Data from: Differential processing of nociceptive input within upper limb muscles
Eckert, Nathanial R.; Poston, Brach; Riley, Zachary A. (2019), Data from: Differential processing of nociceptive input within upper limb muscles, Dryad, Dataset, https://doi.org/10.5061/dryad.dp8b07r
The cutaneous silent period is an inhibitory evoked response that demonstrates a wide variety of responses in muscles of the human upper limb. Classically, the cutaneous silent period results in a characteristic muscle pattern of extensor inhibition and flexor facilitation within the upper limb, in the presence of nociceptive input. The aims of the current study were: 1) to primarily investigate the presence and characteristics of the cutaneous silent period response across multiple extensor and flexor muscles of the upper limb, and 2) to secondarily investigate the influence of stimulation site on this nociceptive reflex response.

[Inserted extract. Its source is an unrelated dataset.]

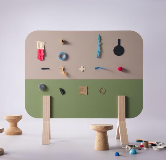 Bulletin Board fremstilles af naturlige og fornybare råvarer. En kombination af oxideret linolie, harpiks og fintmalet kork giver produktet dets fleksibilitet og elasticitet. Denne kombination resulterer i et produkt med en usædvanlig holdbarhed. Med dets styrke og elasticitet er Bulletin Board det ideelle materiale til opslagstavler og alle andre overflader, hvor ideer og information skal udveksles. Opslagstavlematerialet bibeholder dets elasticitet og smuldrer ikke, som det ofte sker for traditionelle softboards. Hullerne trækker sig sammen, når du trækker tegnestiften ud, netop pga. materialets karakteristiske fleksibilitet.

It was hypothesized that the cutaneous silent period would be present in all muscles, regardless of role (flexion/extension) or the stimulation site. Twenty-two healthy, university-age adults (14 males; 8 females; 23 5 yrs) participated in the study. Testing consisted of three different stimulation sites (Digit II, V, and II+III nociceptive stimulation) during a low intensity, sustained muscle contraction, in which, 7 upper limb muscles were monitored via surface EMG recording electrodes. Distal muscles of the upper limb presented with the earliest reflex onset times, longest reflex duration, and lowest level of EMG suppression when compared to the more proximal muscles, regardless of extensor/flexor role. Additionally, the greatest overall inhibitory influence was expressed within the distal muscles. In conclusion, the present study provides a new level of refinement within the current understanding of the spinal organization associated with nociceptive input processing and the associated motor control of the upper limb. Subsequently, these results have further implications on the impact of nociception on supraspinal processing.